New research provides insight about the bedrock scientific principle that mitochondrial DNA — the distinct genetic code embedded in the organelle that serves as the powerplant of every cell in the body — is exclusively passed down by the mother.
The study, a collaboration among Oregon Health & Science University and other institutions, published today in the journal Nature Genetics.
Scientists have long recognized the fact that mitochondrial DNA, or mtDNA, comes exclusively from egg cells in humans, meaning only the mother contributes the genetic code carried by thousands of mitochondria necessary for energy production in every cell in the body.
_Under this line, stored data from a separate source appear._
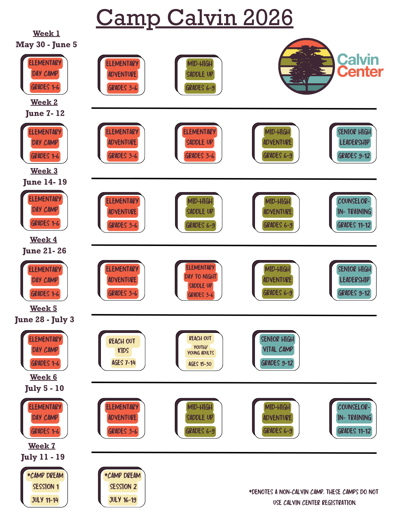 Camp Calvin 2026 Schedule
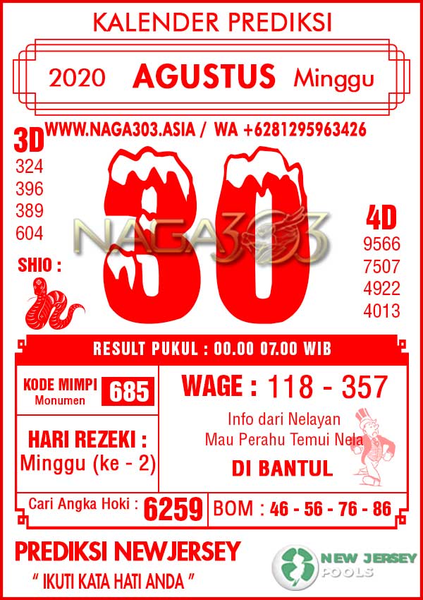 Prediksi Newjersey Pools Minggu 30 Agustus 2020 | Web Toto Naga303
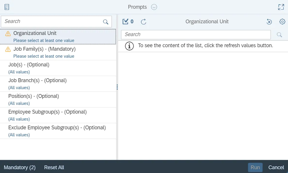 This report is generated after selecting values for the mandatory prompts. All mandatory prompts must have values selected before the Run Icon can be used to generate the report. Mandatory prompts can be identified as mandatory by the exclamation mark inside of the yellow-orange triangle, the square with the checkmark, or the display of (Mandatory). Detailed instructions for interaction with each prompt can be found on the Web Intelligence Prompt List on the OSC website.

Previously, it was believed that paternal mtDNA was eliminated soon after a sperm fuses with an oocyte, or developing egg, during fertilization, possibly through an immune-like search-and-destroy response.
However, the study found that while mature sperm do carry a small number of mitochondria, they lack intact mtDNA.
“We found that each sperm cell does bring 100 or so mitochondria as organelles when it fertilizes an egg, but there is no mtDNA in them,” said co-author Shoukhrat Mitalipov, Ph.D., director of the Center for Embryonic Cell and Gene Therapy at OHSU.
Researchers found that sperm cells are not only devoid of intact mtDNA, but they also lacked a protein essential for mtDNA maintenance, known as mitochondrial transcription factor A, or TFAM.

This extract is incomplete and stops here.